Ainda segundo Oliveira, os produtores precisam apresentar o georreferenciamento da região, uma vez que além de Uruana outros 15 municípios irão fazer parte da identificação geográfica: Carmo do Rio Verde, Ceres, Heitoraí, Itaguaru, Itaberaí, Itaguari, Itapaci, Itapuranga, Jaraguá, Jesupólis, Nova Glória, Rialma, Rianápolis, São Patrício e Santa Isabel. “Nessa microrregião, a forma de produzir, o pioneirismo e a tradição são os mesmos”, justifica o supervisor da Emater.

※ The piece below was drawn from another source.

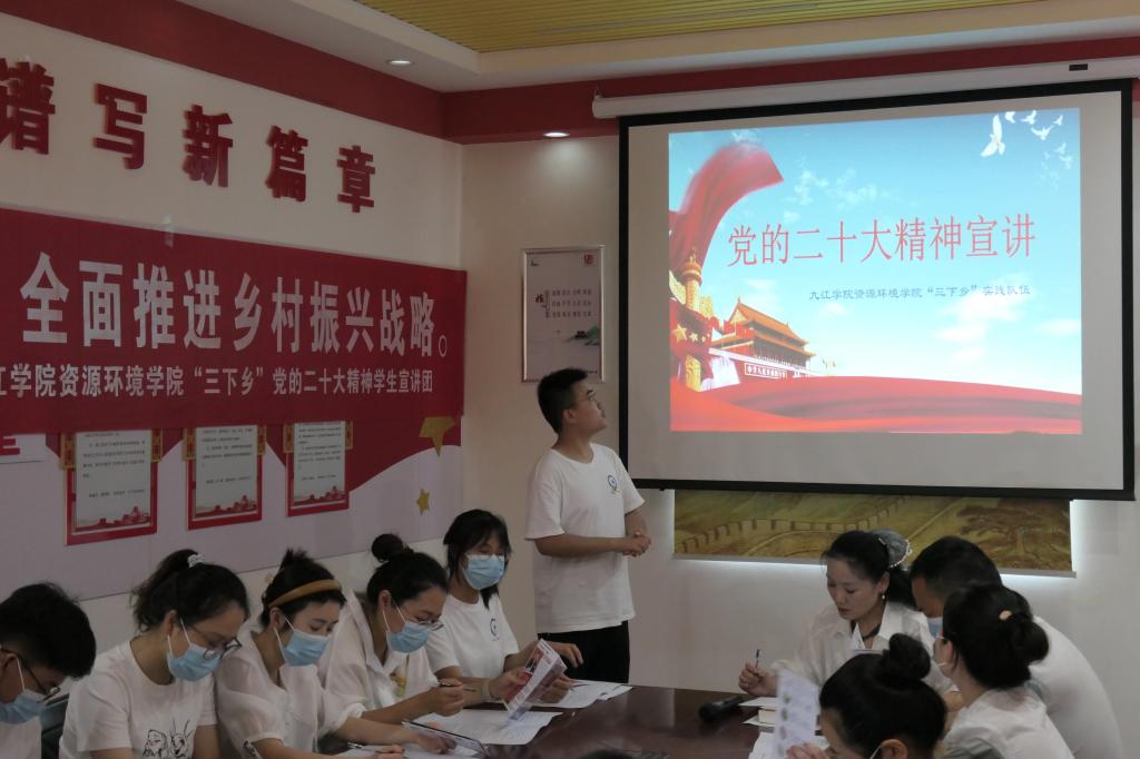 为推动党的最新理论在乡村生根发芽,落地见效,助力形成浓厚党的二十大精神学习氛围,KY开元集团官网入口组建暑期“三下乡”党的二十大精神学生宣讲团在九江经济技术开发区永安乡长河村新时代文明实践站开展党的二十大精神宣讲活动。6月28-29日,学生宣讲团以走访入户、宣讲会、宣传手册等多种形式宣传党的二十大精神,让党的二十大精神深入乡村深入民心。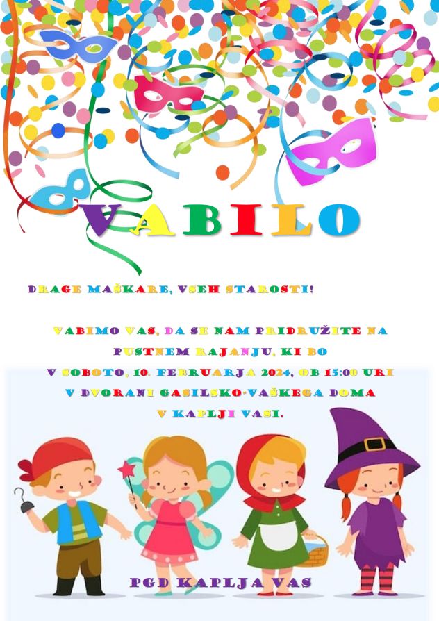 PGD Kaplja vas vabi vse maškare, da se jim pridružite na pustnem rajanju, ki bo v soboto, 10. februarja 2024 ob 15.00 uri v Dvorani gasilsko-vaškega doma v Kaplji vasi.

De acordo com ele, a previsão é de que a redação do dossiê seja finalizada até junho. O documento deve ser apresentado ao INPI ainda este ano. Ele calcula que o órgão deve levar, em média, três anos para analisá-lo, pois durante o processo, por exemplo, podem ser solicitadas mais informações sobre a produção da fruta. Mesmo com o trabalho em andamento, a perspectiva da conquista do Selo IG traz a esperança de mais portas abertas. “O selo dá rastreabilidade, uma certeza ao consumidor de que aquela melancia é de Uruana. Ele vai fidelizar mercado, vai agregar valor, o que gera melhoria de renda”, anima-se.

Outros produtos

Além da melancia de Uruana, outros produtos goianos estão em busca do Selo de Indicação Geográfica (Selo IG), concedido pelo Instituto Nacional da Propriedade Industrial (INPI), como informa o supervisor de organização rural da Emater, José Araújo de Oliveira. São eles: o polvilho e os derivados da mandioca da região do Cará, em Bela Vista; o mel do Cerrado, produzido no norte goiano; o queijo cabacinha das nascentes do Araguaia; e a banana da região de Buriti Alegre.

* Colaboração para a Revista Safra

Reportagem publicada na edição de abril da Revista Safra, a partir da página 28.